Get ready for the goosebumps. When you read the history about an abandoned schoolhouse and neighboring cemetery in Bucksport, Maine, it feels as though you've just read the back cover of a Stephen King novel. A schoolhouse that taught priests? A cemetery that holds the secrets of the "Red Paint" people? You can't make this stuff up.

The schoolhouse pictured is actually known as Wilson Hall to local residents. It was built in 1850 as a seminary for those practicing the methodist religion. The school remained operational until 1933. The hall was then purchased by the Roman Catholic Oblate Fathers who operated their own seminary until 1971. Since then, the property lay dormant. According to the Bangor Daily News, the interior of the building has been gutted and has suffered severe water damage. Some residents are hopeful of restoring the building, you can follow their efforts here via Facebook.

The schoolhouse isn't the only part of this creepy equation. According to the New England Historical Society, the graveyard next to Wilson Hall is one that belonged to the "Red Paint" people. Very little details are known about the Red Paint people other than the fact they inhabited Maine somewhere between 2000 and 6000 years ago. Their graveyards are rare, with existing sites only found in Alamoosook Lake, Ellsworth and Bucksport. Harvard archaeologist Charles Moorehead declared the Red Paint people existed in Maine prior to most Native American tribes.
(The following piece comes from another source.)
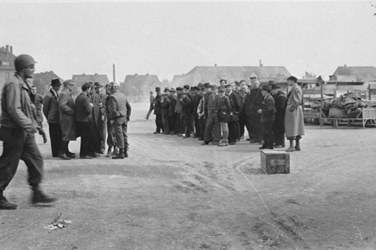 | Keywords: Buchenwald Langenstein Germans Forced Confrontation 10109.jpg German civilians are assembled before being detailed to collect and bury the victims of the Langenstein-Zwieberge concentration camp Photographed by Dr Bernard Metrick Langenstein-Zwieberge Germany April 1945 http //www ushmm org/ United States Holocaust Memorial Museum courtesy of Dr Bernard Metrick PD-USGov Langenstein-Zwieberge concentration camp Images from the United States Holocaust Memorial Museum Allied confrontation of Germans with Holocaust Forced labor of Germans after World War II |

Wilson Hall is located on the north side of Franklin Street on the outskirts of Bucksport. It is not open to the public to be toured. The Red Paint people cemetery is adjacent to Wilson Hall on McDonald Street.

So what do you get when you pair an abandoned seminary for priests and missionaries along with an abandoned graveyard filled with remains of people who are a true mystery to the modern day human? Real-life history. Amazing.